Directions – What are the lines from the top of the entries through the one with "パーティー を楽しもう インテリアグッズ10種類"? Write them out exactly, with no pictures.

Dataset excerpts:
○ ○ ○ ○ ○
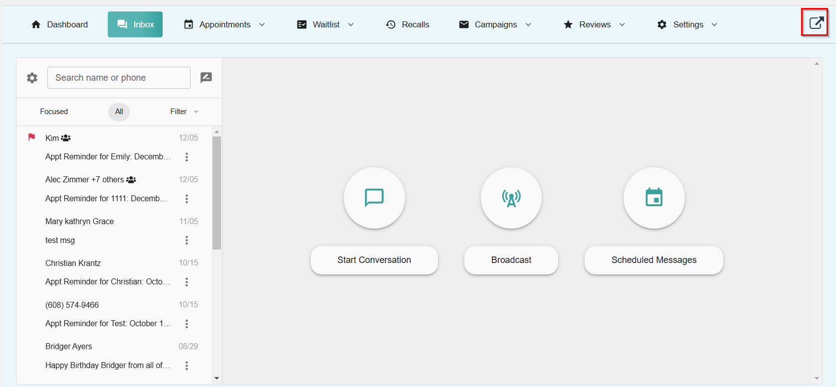 RevEngage needs to be opened within a new browser tab for the user to receive text message notifications. The following instructions are to open a new browser tab from within the RevEngage module.
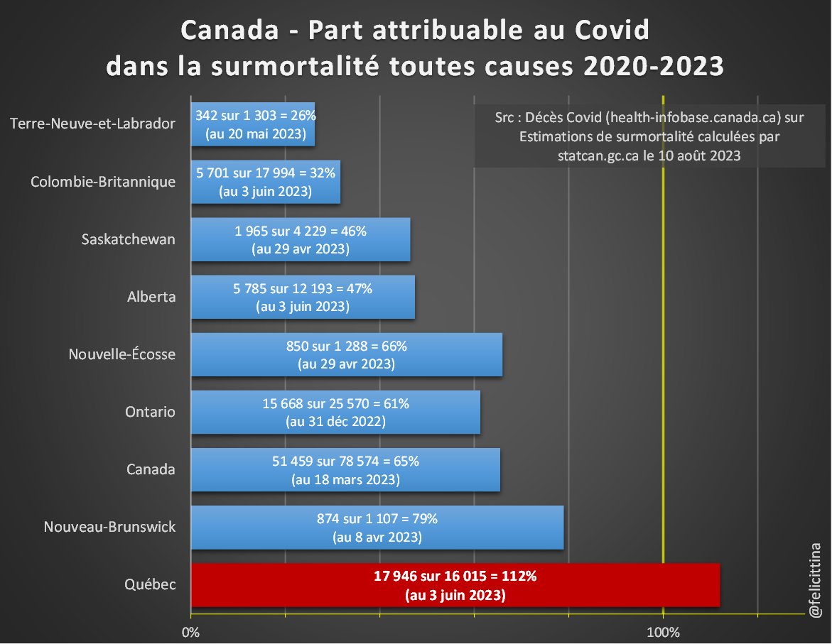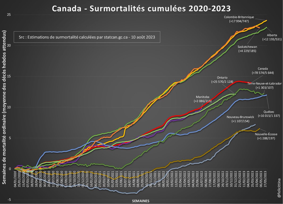 Seul Terre-Neuve-et-Labrador est parvenu ces dernières semaines à grignoter 5% de son cumul mais a déjà repris 1% sur la seule dernière semaine. Bizarrement, c'est la province qui a le moins "chargé" le Covid pour expliquer sa surmortalité (26% contre 112% pour le Québec !) [4/5] https://t.co/sUIfaTJGth
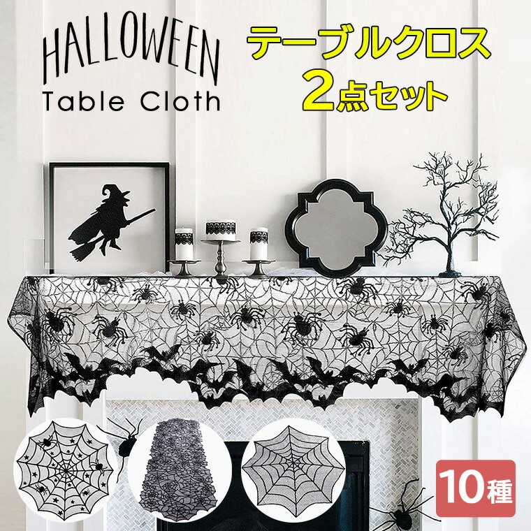 パーティー を楽しもう インテリアグッズ10種類 ♪2点セット ハロウィン インテリア 飾り テーブルクロス 壁飾り レース 蜘蛛 飾り付け デコレーション 部屋 ハロウィンパーティー 装飾 おしゃれ
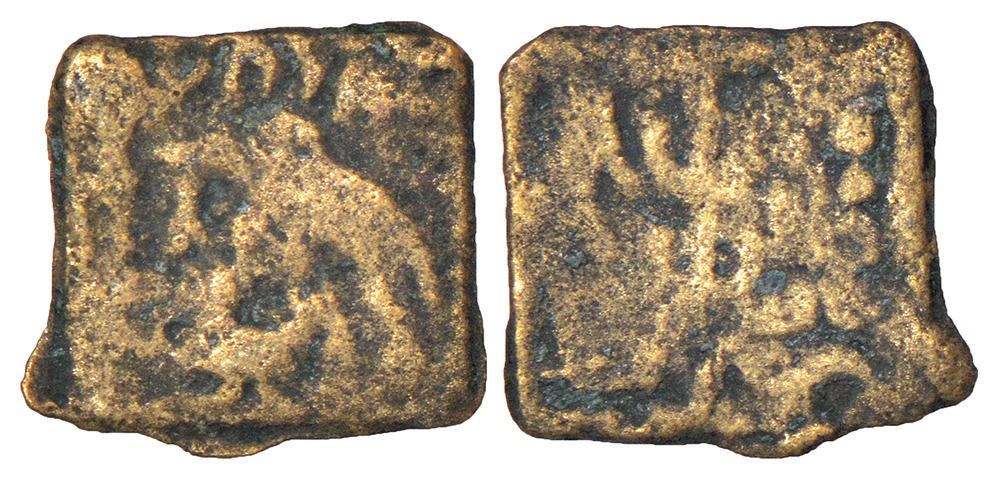 Ancient Saketa region - monarchical cast coinage of Ayodhya area. 'elephant'-type coin of Sivadatta (c.150-100BC), not listed in PAIC, 0.76g. Obv: elephant walking to left; Brahmi legend Sivadatasa above. Rev: Shrivatsa in centre, 'Ujjain’ symbol and palm tree to right, standard in railing to left.
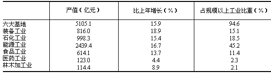 工業(yè)生產(chǎn)與效益同步較快增長(zhǎng)。全年規(guī)模以上工業(yè)企業(yè)(全部國(guó)有及年產(chǎn)品銷售收入500萬元以上的非國(guó)有工業(yè)企業(yè))實(shí)現(xiàn)增加值2554.5億元,比上年增長(zhǎng)15.2%,連續(xù)三年保持15%以上的增速。其中,國(guó)有及國(guó)有控股企業(yè)增加值2199.8億元,增長(zhǎng)15.0%;集體企業(yè)增加值27.5億元,增長(zhǎng)18.5%;股份制企業(yè)增加值2184.1億元,增長(zhǎng)15.1%。從輕重工業(yè)看,輕工業(yè)增加值298.1億元,增長(zhǎng)16.0%;重工業(yè)增加值2256.4億元,增長(zhǎng)15.1%。從企業(yè)規(guī)?矗笾行推髽I(yè)增加值2300.9億元,增長(zhǎng)15.1%;小型企業(yè)增加值253.6億元,增長(zhǎng)16.4%。 全年規(guī)模以上工業(yè)企業(yè)實(shí)現(xiàn)利稅1733.2億元,比上年增長(zhǎng)17.9%,其中利潤(rùn)1275.9億元,增長(zhǎng)19.5%。工業(yè)經(jīng)濟(jì)效益綜合指數(shù)348.9,提高12.2點(diǎn)。地方工業(yè)實(shí)現(xiàn)利稅209.2億元,增長(zhǎng)19.1%,其中利潤(rùn)92.6億元,增長(zhǎng)42.3%。地方工業(yè)經(jīng)濟(jì)效益綜合指數(shù)128.2,提高16.1點(diǎn)。 六大基地支撐作用突出。全省裝備、石化、能源、食品、醫(yī)藥和林木加工等六大基地實(shí)現(xiàn)工業(yè)總產(chǎn)值5105.1億元,比上年增長(zhǎng)15.9%,占規(guī)模以上工業(yè)的94.6%;實(shí)現(xiàn)利稅1703.5億元,增長(zhǎng)17.6%,占規(guī)模以上工業(yè)的98.3%。六大基地產(chǎn)值如下:
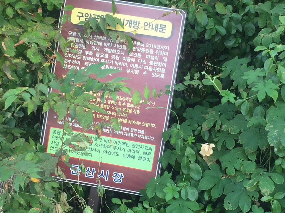 사진 첨부하오니, 참고 바랍니다. 안내문 푯말 아래 '군산시장' 이라고 써두셨으면, 책임지고 관리 해주셨으면 합니다.
○ ○ ○ ○ ○
Exercise result –
 RevEngage needs to be opened within a new browser tab for the user to receive text message notifications. The following instructions are to open a new browser tab from within the RevEngage module.
 Seul Terre-Neuve-et-Labrador est parvenu ces dernières semaines à grignoter 5% de son cumul mais a déjà repris 1% sur la seule dernière semaine. Bizarrement, c'est la province qui a le moins "chargé" le Covid pour expliquer sa surmortalité (26% contre 112% pour le Québec !) [4/5] https://t.co/sUIfaTJGth
 パーティー を楽しもう インテリアグッズ10種類 ♪2点セット ハロウィン インテリア 飾り テーブルクロス 壁飾り レース 蜘蛛 飾り付け デコレーション 部屋 ハロウィンパーティー 装飾 おしゃれ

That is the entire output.